Yeah, the idea was to have the possibility of (generated) C-Code which you can include and assign to a KeySet variable easily.

Option 4 in https://github.com/ElektraInitiative/libelektra/issues/3529#issuecomment-738738878 fulfils this requirement as well. It's not as compact, but has more type safety. Most of all, if you use the elektraArray macro, you can never forget sentinel values anywhere.

markus2330 commented 3 years ago

That line will actually fail horribly

Yes, this is in the currently sad topic of error handling, I hope Stefan (who will work on the API) will find nice guidelines for this.

Segfault is definitely not a good option but failing is also not a good option, as it would make it impossible to fix any errors #1511.

Option 4 in #3529 (comment)

But it uses vaargs in macros, which is even worse for bindings than the current situation.

kodebach commented 3 years ago

failing is also not a good option, as it would make it impossible to fix any errors

In this case it is the correct option. If the file contains invalid key names, you either edited the file manually (in which case you can do that again to fix the problem) or the plugin is completely broken and actually produced the invalid key name (in which case there is no chance of fixing the key name anyway).

But it uses vaargs in macros, which is even worse for bindings than the current situation.

True macros are very bad for bindings. But macro is only there to add the NULL. The API totally works without the macro as well and maybe it's eve better without the macro.

I just think that the array API is much more versatile, since you can construct arrays dynamically while var-args and va_list are pre-defined at compile-time.

markus2330 commented 3 years ago

The API totally works without the macro as well and maybe it's eve better without the macro.

This changes everything, then at least the part with the ksNew replacement is a very interesting option.
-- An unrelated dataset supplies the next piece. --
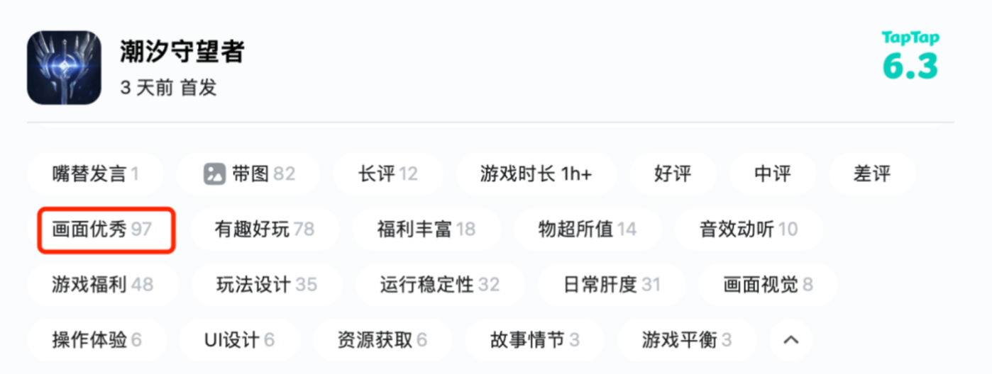 但现在的问题是,《潮汐守望者》目前在玩家群体中的口碑并不佳,不利于对泛游戏用户的获取。好在目前是刚处于上线初期,且产品在畅销榜仍在不断攀升。

I like the idea with sorting and dynamically-sized key sets. It would be also interesting for build-in specs.

Can you give an example how it would look like without the macro?

pre-defined at compile-time.

Which would not be a bad thing if the compiler could optimize something but in this case it is actually making it slower as qsort is not possible on va_list.

kodebach commented 3 years ago

Can you give an example how it would look like without the macro?

Basically, ignore the macro and write the array casting bit yourself. I added an example to the showcase (with_macros vs without_macros).

The thing I don't like without the macro is, that it is far too easy to forget the NULL at the end of the array. In e.g. C++ this wouldn't be an issue, since we could use initializer_list which has a size field. That's why I would add additional versions of keyCreate/ksFromArray that take the sizes as arguments instead of (just) looking for NULL. These could of course be used from C, but would mainly be intended for bindings.

Basically I would do:

Key * keyCreate (elektraNamespace ns, const char ** parts, const char * value, const MetaKey ** metaKeys) {
    return keyCreate2 (ns, parts, 0, value, metaKeys, 0);
}

Key * keyCreate2 (elektraNamespace ns, const char ** parts, size_t partCount, const char * value, const MetaKey ** metaKeys, size_t metaKeyCount);

keyCreate2 takes at most partCount parts from parts, if partCount > 0 and always stops at the first NULL in parts. (same for metaKeys)

A similar thing would be done for ksFromArray.

markus2330 commented 3 years ago

The thing I don't like without the macro is, that it is far too easy to forget the NULL at the end of the array.

And it doesn't yield any warning/error? Is there a possibility to make a sentinel for that?

If we really would like to add a macro to the API it would need to be called ELEKTRA_CREATE_KEYSET or similar. But as this type is needed as first argument, the macro is also not ideal.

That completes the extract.